If they could save the mother and did not, they would be charged with manslaughter, no two ways about it.

Jim
it seems to be awfully rare for doctors to be charged with manslaughter, but in a nation in which the murder of innocent unborn children is illegal, *as it should be, *those who performed the abortion at the hospital would have been charged for that death…
 
The serial killer is guilty, I (and others in the room) are innocent. I’d rather not have you kill me (and others) in order to kill him as well, if you don’t mind. I don’t want to be murdered under the excuse that otherwise the serial killer would have killed dozens more, while this way I was the only victim, and 1 < 12. That’s sort of cold. Of course, even in just war there is always an amount of collateral damage that is unavoidable, but in order to be sort of acceptable it has to be truly unavoidable.
ok yeah, but I was mostly referring to this part of your post:

You do not murder in order to stop murder. You do not do evil in order to stop evil.

If someone was killing you, I would want to save you…and i wouldnt just watch and do nothing and let someone harm you for the sake of “not doing evil”

So, in regards to this case, if a baby is dying, and will kill its mother in the process, do we stand by and watch BOTH die? Or do we save who we can?
 
St Francis

The problem was, the mother could not survive induced labor because the pregnancy was causing the condition, so it was either a D&C or let the mother die along with the 11 week old fetus.

The doctors said that they could not just sit back and watch the mother and fetus die.

In fact, they would’ve been charged with manslaughter had they done so.

Theologians are calling the Church to review the issue and to come to a better conclusion than what they have now.

Jim
I’m with those theologians. There seems to be little correlation between what is considered licit in some conditions and what is not considered licit in others.

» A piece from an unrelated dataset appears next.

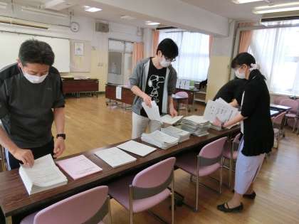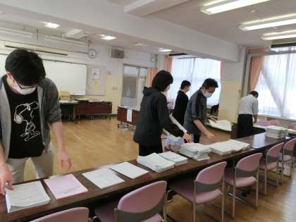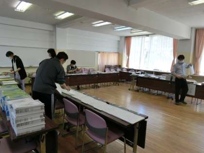 弦中学習プログラムスタートに向けて3 5月8日(金) 公開日 2020/05/08 更新日 2020/05/08 できごと 三密を避けるために、各学年時間差をつけて作業をすすめました。教科書配布以来なので学習課題以外に、配布するものが多く大変でしたが、勤務している教員で協力して行いました。3年生の様子です。 いいね(0)

This particular case involved infection, but what if she had been miscarrying and bleeding heavily? Would she have been allowed to bleed to death with a heartbeat present and what of the fate of the docs (assuming they would allow that)?
 
The whole point is, if it were an abortion we would have plenty to say. A woman died who could have had intervention sooner, the discussion is salient and necessary. What should be done in hypothetical similar situations? Is there moral culpability for delaying life-saving treatment for either mother or baby? If the baby had been dying and things which could have been done were not done because of risk to a dying mother’s life, would that be immoral? There are at least two lives in every pregnancy.
I have done my very best to explain these issues to you but apparently have not succeeded. I apologize for my inability to do so, and hope that you will find some answers.
 
A theologian in the Catholic Free Press wrote an article on the St. Joseph’s case and the double effect principle.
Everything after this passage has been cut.